Monday, July 15, 2013

Trek to Shiv Gange

The Bangalore weather being a delight for the last couple of weeks, it was time the long standing plan of going for a trek was executed. Saturday night, we were left enthralled by Bhaag Milkha Bhaag, a beautiful take on Milkha Singh. The whole experience of knowing about the great athlete left us inspired and raring to go. But not enough to get up early next morning for a trek to Shiv Gange!! We almost called it off and rolled over to catch up on our sleep, but our son decided otherwise.
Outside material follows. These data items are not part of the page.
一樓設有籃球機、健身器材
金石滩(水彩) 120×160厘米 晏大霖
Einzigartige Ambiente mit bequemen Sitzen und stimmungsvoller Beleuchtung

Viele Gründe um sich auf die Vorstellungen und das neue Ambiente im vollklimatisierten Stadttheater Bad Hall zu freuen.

He woke us with “Amma – Appa – get up, we are supposed to be climbing the mountain today to watch butterflies!”

Oh yeah?! J Not wanting to disappoint him, we mechanically went through our morning rituals, had breakfast, and pushed ourselves out of our home by around 10:30 am. Once on the road, there was no looking back. After a small detour to Malleswaram, we proceeded towards Tumkur road. Taking a left at Dobbaspet, we were welcomed by wonderful views of the ShivGange hill from afar. It looked absolutely enchanting with a halo of cloud hanging so low that it engulfed the top most tip of the hill!
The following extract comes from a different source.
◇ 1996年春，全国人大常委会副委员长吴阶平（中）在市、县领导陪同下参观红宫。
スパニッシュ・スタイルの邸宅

We drove on till we reached the foot of the hill, parked our car and made sure we had our stomach’s fill of ragi rotis, jackfruits and biscuits to keep us going for the next 2 hours (or so we thought). With a picture book idea of what a trek consists of, I started loading a backpack with a water bottle, left over biscuits, chocolates …. but wait, before I could complete, my husband told me to drop the entire bag back into the car and climb up bare handed. Disappointment writ all across my face, I didn’t argue, because I knew he was right as soon soon as he mentioned MONKEYS. We at least needed a water bottle, said my MIL, and carried one in a plastic bag and we started on the trek.
After hardly a 20 step climb, where the paths forked, with one leading towards the temple and the other going on to the top of the hill, we had our first (and last) close encounter with a primate. The little fellow stopped us on our tracks and jumped at the plastic bag that my MIL carried. She tried to explain to the little fella that it was nothing but a water bottle. He growled, and we concluded (thank god for that!) that he didn’t quite get us. We threw the cover away, to show him that we were speaking the truth, and tried to move on. He wouldn’t let us get away so easily. He pulled at my MIL’s saree and growled again. Oh well, we lost the battle and gracefully handed him the water bottle. Off he went with it and started opening it. We didn’t stay on to see what he did, but were glad that we could now get on with our trek.
We took the route to the trek and started our walk. I told my son (a little chatterbox), to save up his energy, and take deep breaths on the way up. He followed my instructions to the T. As long as we didn’t grab their attention, the monkeys pretty much kept to themselves. However, we did note one naughty fellow grab a fellow tourist’s back pack and run away with it. When he found that there was nothing interesting in it, he just left it there for the tourist to pick it up again.
We kept continuing on the trek, with a few stops to catch our breath and of course the view all around! There was a pleasant breeze blowing all through the climb, making our climb enjoyable. Every time we looked down below, the sights never ceased to amaze us. After around an hour of climbing, we reached the huge white colored statues of Shiva and Parvathi, and heaved a sigh of relief, assuming we had finally made it to the top. We stopped to buy a bottle of water, and the kind lady selling it explained that we were just half way to the top. My jaws literally dropped open, and I took a few swigs of water to regain my composure. A few pictures later, we resumed the trek, with only my son still being at the same enthusiasm level as the start about climbing further. He refused to hold any of our hands and went on climbing. With him to inspire us, we moved on.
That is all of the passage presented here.